誠に不本意ではございますが、その求婚お受けいたします
「母のことを覚えててくれたんですね」
「……忘れるわけがない」
「その言葉が聞けてよかったです。母も喜んでいると思います」
本当に……良かったね、お母さん。
2人がどうして別れたのかずっと疑問だったけど、少なくとも嫌いで別れたわけじゃなかったんだね。
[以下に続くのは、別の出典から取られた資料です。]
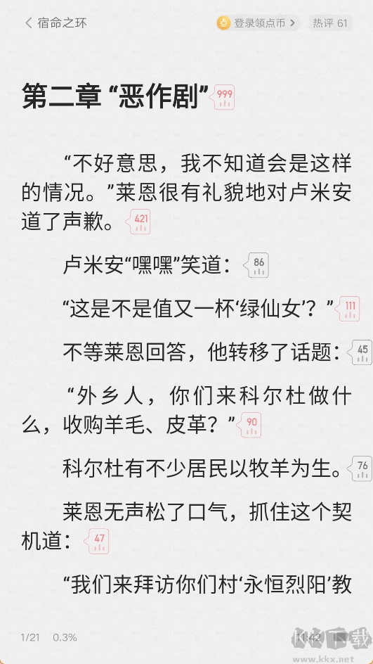 2. 在阅读界面里,点击屏幕正中间的部位,就会弹出工具栏。

亡くなってからも、こうして思い出してくれる人がいて私も嬉しい。
あの頃の記憶が、辛いものじゃなくて良かった。
私にとってもあの頃の思い出は……。
(あれ、ちょっと待って)
お父さんが、あの時の『おじさま』ということは、『シンお兄ちゃん』は?
おじさまの息子で、跡継ぎなんだってよく話していた。
シン、お兄ちゃん。
シンってもしかして、新? ということは……。
「あ、あの」
「そろそろ失礼するよ。あまり遅くなると家内がうるさい」
「え、あっ」
「家内には、君が零の娘であることを知られたくない。別に隠すことでもないが、どう考えても面倒なことにしかならないからね」
「そうですね」
「私も君のことは零の娘ではなく、息子の嫁として接するから、そのつもりでいてくれ」
「分かりました」
確かにお母さんの性格上、私がお父さんの昔の恋人の娘だと知ったら発狂しそう。
だったら、もう昔のことは胸にしまっておいたほうがいい。
そう分かっていても、私の胸は高鳴っていた。